Your assignment:
The records below are to be returned word for word, with pictures left out.

Content starts

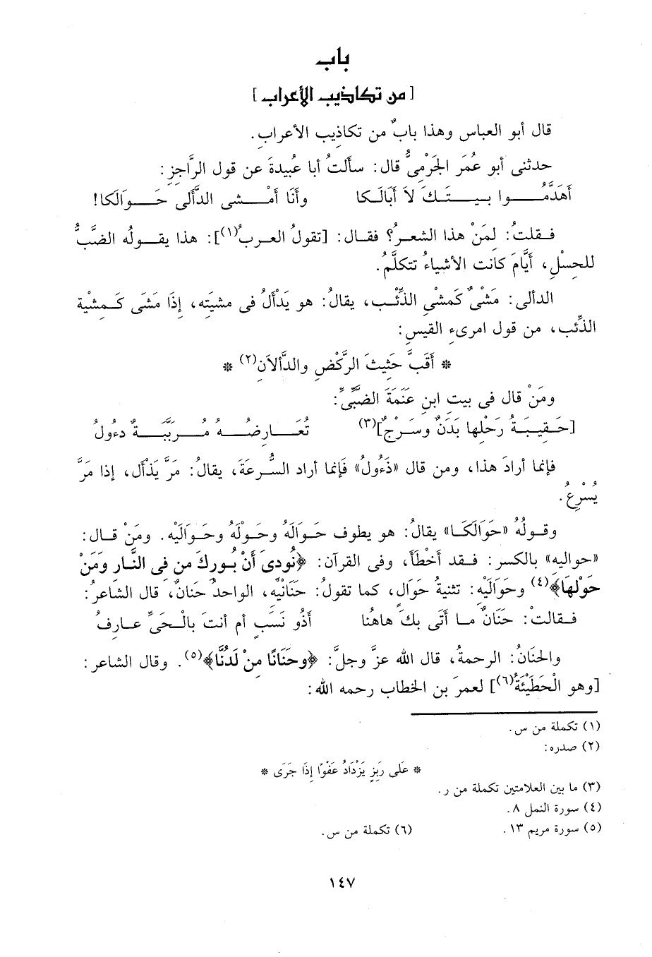 قال أبو العباس: وهذا باب من تكاذيب الأعراب.
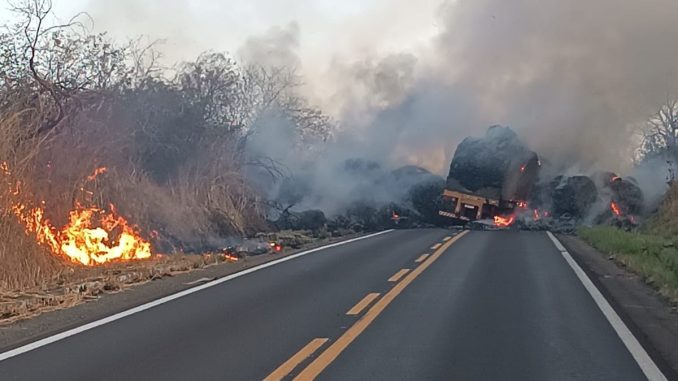 O incidente aconteceu, na quinta-feira (22/8), por volta das 17h, no km 46. De acordo com o g1, o motorista da carreta, que não ficou ferido, disse que, antes do acidente, fez uma manobra em forma de L na rodovia, e o veículo começou a pegar fogo. Parte da carga de algodão ficou completamente destruída.
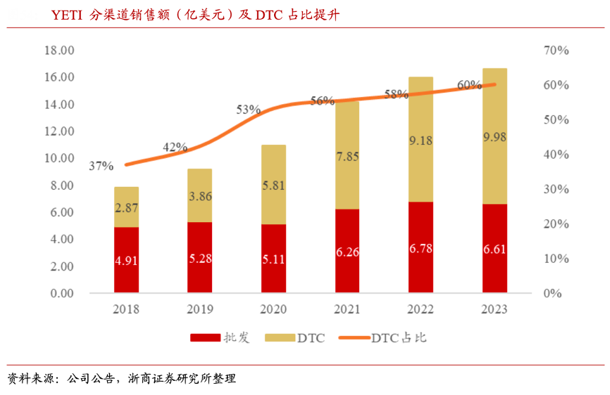 經典案例:根據公司公告、浙商證券研究所等綜合資訊表明, DTC 直銷是潮流單品常見銷售方 式,有助于消費者洞察和實現靈活快反。YETI 最早 Rambler 保溫杯于 2014 年爆火,曾因 公司批發渠道庫存積累太多戛然而止,近年積極提升 DTC 收入占比到近 60%。
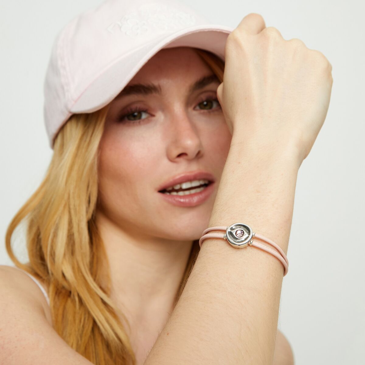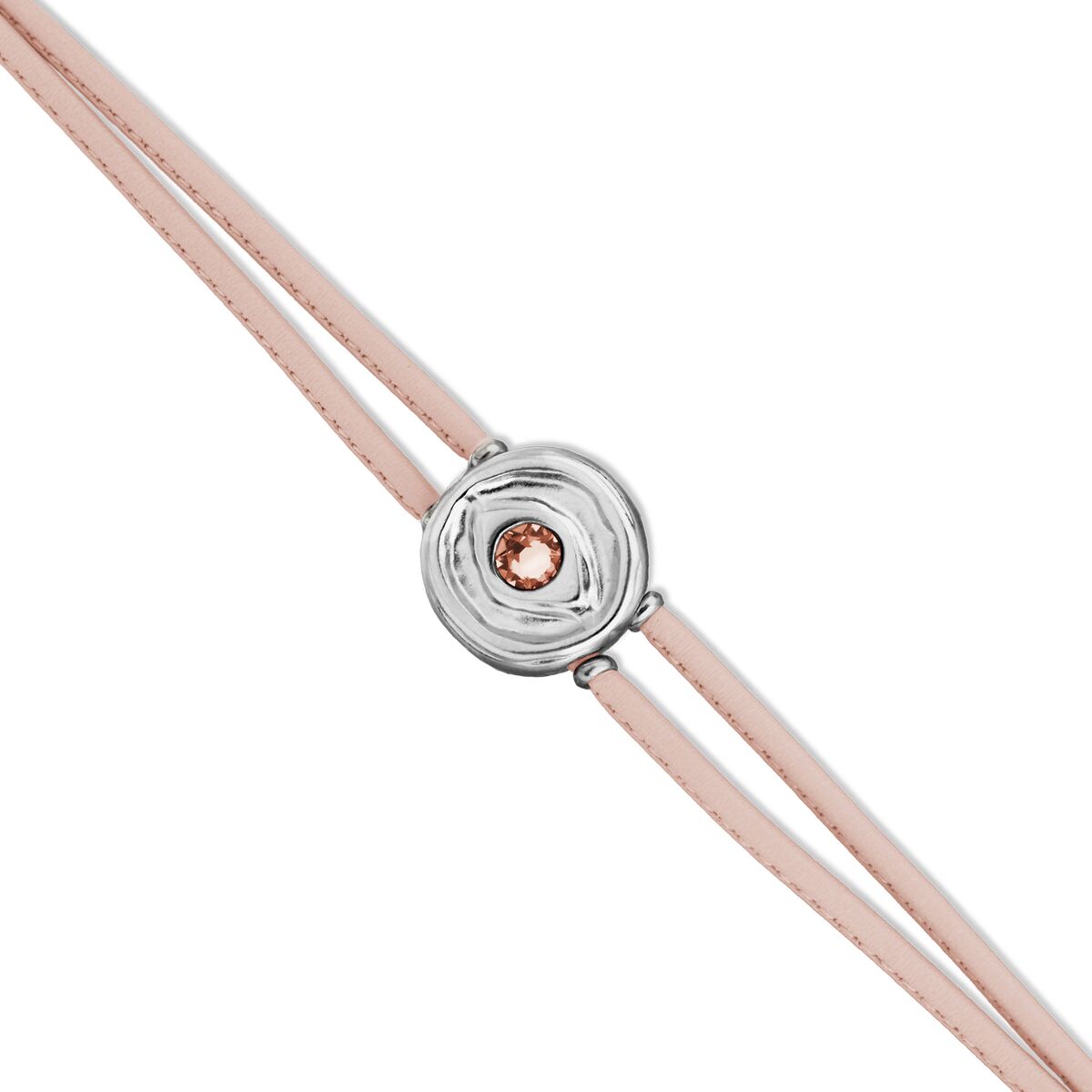 В центре браслета мерцает светло-розовый кристалл — мягкий и прозрачный, как лепесток утренней розы, на котором застыли капли росы. Его нежное сияние наполняет образ теплом и романтикой, пробуждая воспоминания о прогулках под звёздами и лёгком биении сердца в моменты, когда всё говорит о любви.
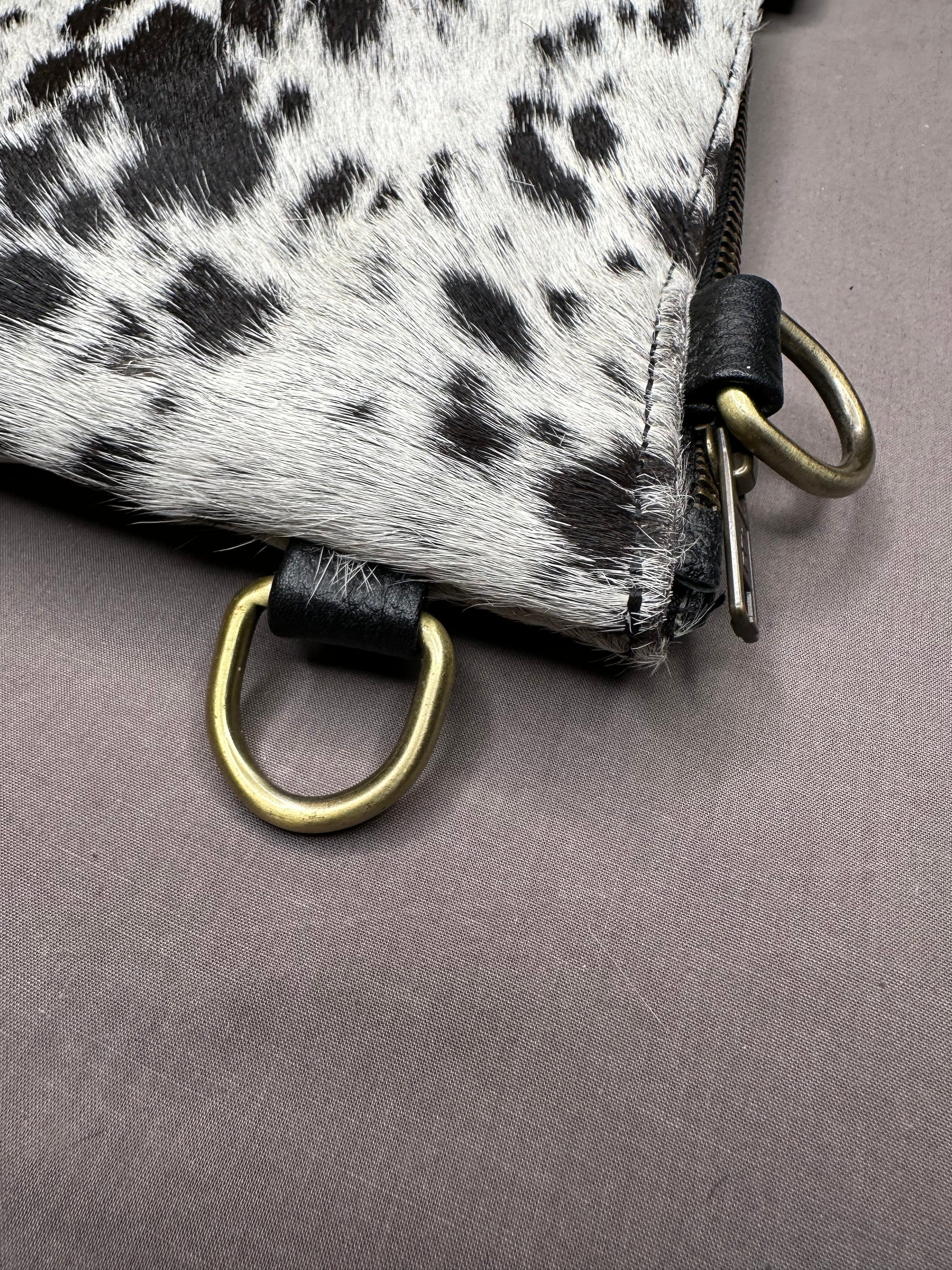 - Crafted from exotic natural hair-on cowhides with coordinating leather trim, each bag is an original one-of-a-kind item expressing your own aesthetic independence and identity.
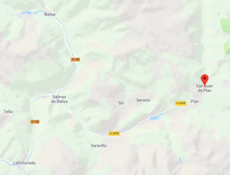 Para ello tomamos la carretera A-138 que nos lleva a Bielsa y la dejamos a la altura de Salinas de Bielsa, tomando la A-2609 a través de un desvío a mano derecha.
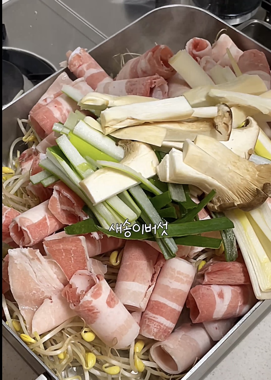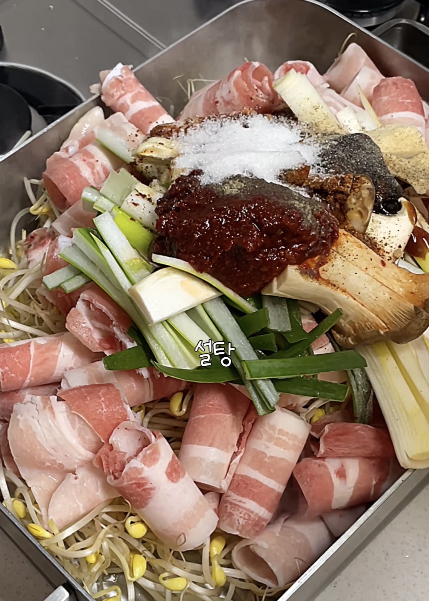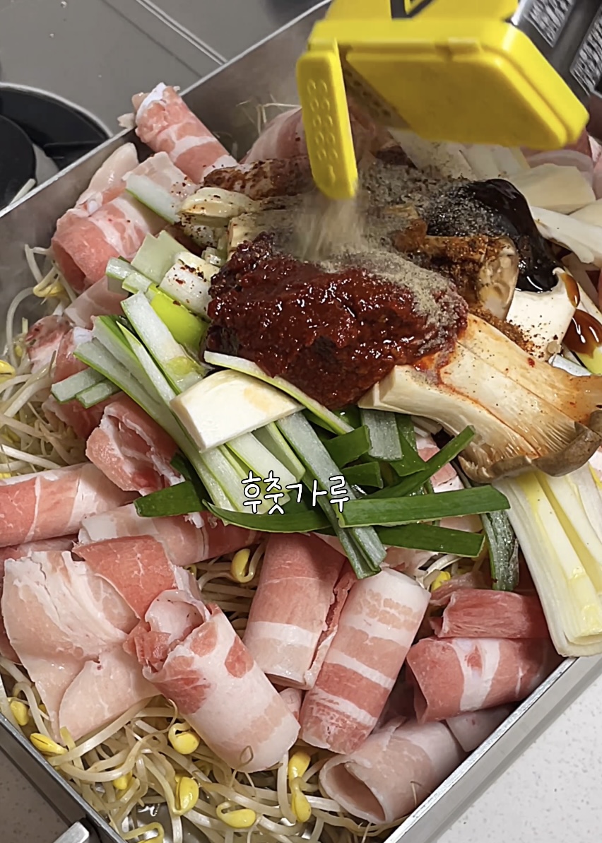 재료: 콩나물 500g, 대패 삼겹살 700g, 대파 한 단, 새송이 버섯 1개, 고추장 3T, 고춧가루 3T, 간장 2T, 굴소스 1T, 미림 2T, 참치액 1T, 후춧가루, 설탕 3T, 캡사이신, 다진 마늘
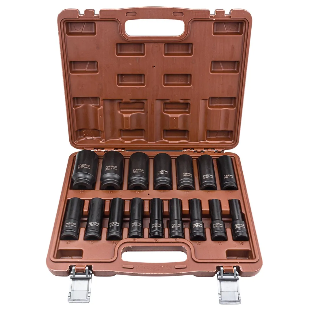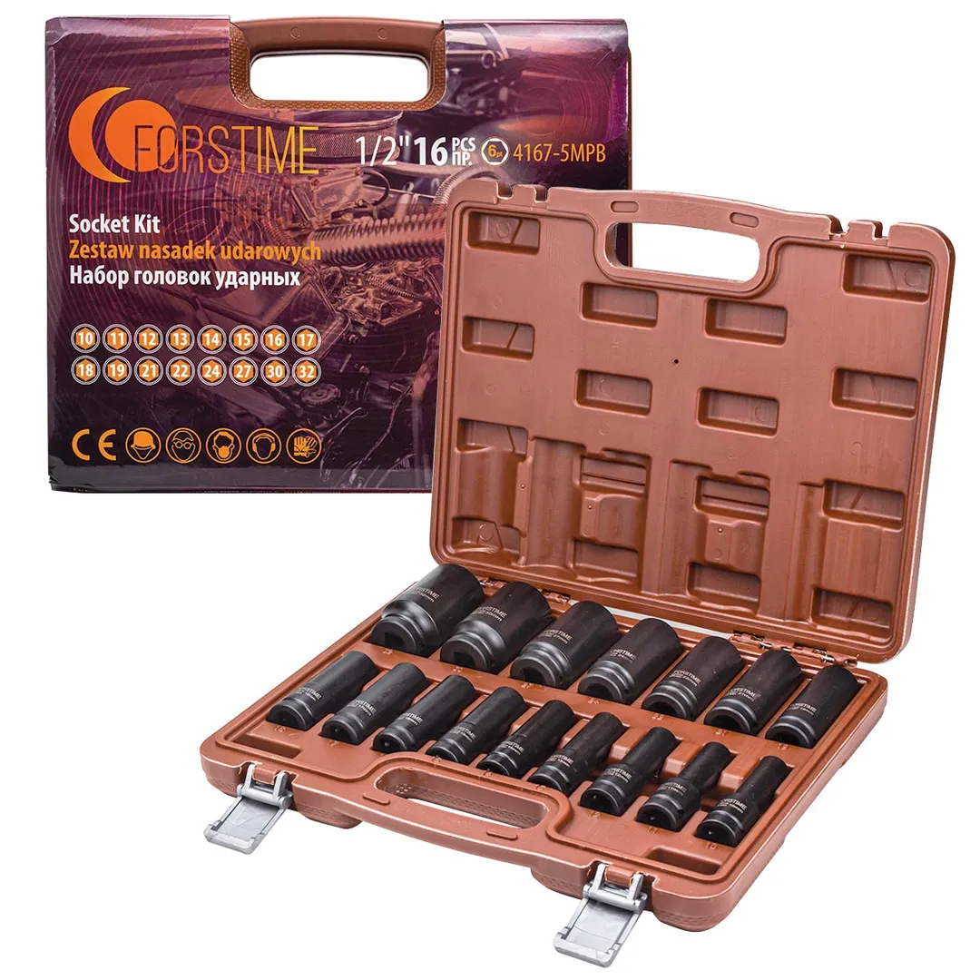 Набор головок ударных глубоких 10-19, 21, 22, 24, 27, 30, 32 мм 1/2'' 6-гр 16 пр FORSTIME FT-4167-5MPB
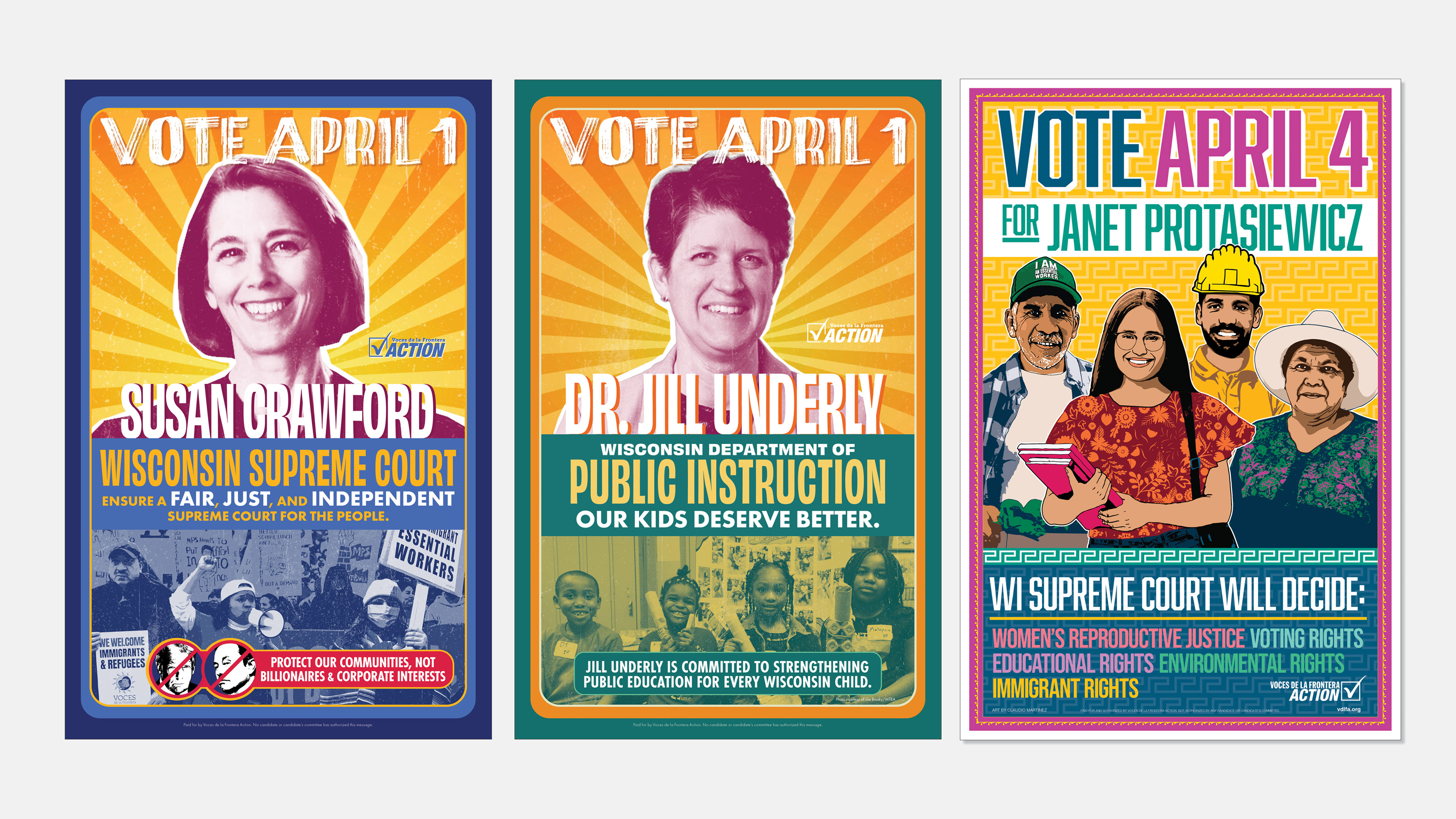 Poster designs for Voces de la Frontera Action, the C4 affiliation of Voces de al Frontera
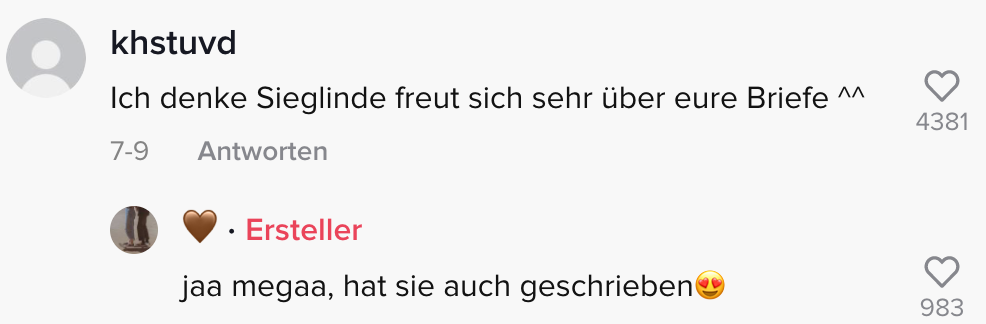 Und zwar nicht nur auf TikTok. Auch Sieglindes Freunde beneiden sie anscheinend etwas um diese besondere Freundschaft.
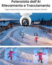 【Rilevamento Intelligente + Tracciamento Automatico】 Grazie all’IA, la telecamera con SIM rileva persone, veicoli e animali riducendo i falsi allarmi. La funzione PTZ 360° con auto tracking segue i soggetti in movimento, rendendola una telecamera esterno completa per la sicurezza.

Content ends

Written response:
 قال أبو العباس: وهذا باب من تكاذيب الأعراب.
 O incidente aconteceu, na quinta-feira (22/8), por volta das 17h, no km 46. De acordo com o g1, o motorista da carreta, que não ficou ferido, disse que, antes do acidente, fez uma manobra em forma de L na rodovia, e o veículo começou a pegar fogo. Parte da carga de algodão ficou completamente destruída.
 經典案例:根據公司公告、浙商證券研究所等綜合資訊表明, DTC 直銷是潮流單品常見銷售方 式,有助于消費者洞察和實現靈活快反。YETI 最早 Rambler 保溫杯于 2014 年爆火,曾因 公司批發渠道庫存積累太多戛然而止,近年積極提升 DTC 收入占比到近 60%。
 В центре браслета мерцает светло-розовый кристалл — мягкий и прозрачный, как лепесток утренней розы, на котором застыли капли росы. Его нежное сияние наполняет образ теплом и романтикой, пробуждая воспоминания о прогулках под звёздами и лёгком биении сердца в моменты, когда всё говорит о любви.
 - Crafted from exotic natural hair-on cowhides with coordinating leather trim, each bag is an original one-of-a-kind item expressing your own aesthetic independence and identity.
 Para ello tomamos la carretera A-138 que nos lleva a Bielsa y la dejamos a la altura de Salinas de Bielsa, tomando la A-2609 a través de un desvío a mano derecha.
 재료: 콩나물 500g, 대패 삼겹살 700g, 대파 한 단, 새송이 버섯 1개, 고추장 3T, 고춧가루 3T, 간장 2T, 굴소스 1T, 미림 2T, 참치액 1T, 후춧가루, 설탕 3T, 캡사이신, 다진 마늘
 Набор головок ударных глубоких 10-19, 21, 22, 24, 27, 30, 32 мм 1/2'' 6-гр 16 пр FORSTIME FT-4167-5MPB
 Poster designs for Voces de la Frontera Action, the C4 affiliation of Voces de al Frontera
 Und zwar nicht nur auf TikTok. Auch Sieglindes Freunde beneiden sie anscheinend etwas um diese besondere Freundschaft.
 【Rilevamento Intelligente + Tracciamento Automatico】 Grazie all’IA, la telecamera con SIM rileva persone, veicoli e animali riducendo i falsi allarmi. La funzione PTZ 360° con auto tracking segue i soggetti in movimento, rendendola una telecamera esterno completa per la sicurezza.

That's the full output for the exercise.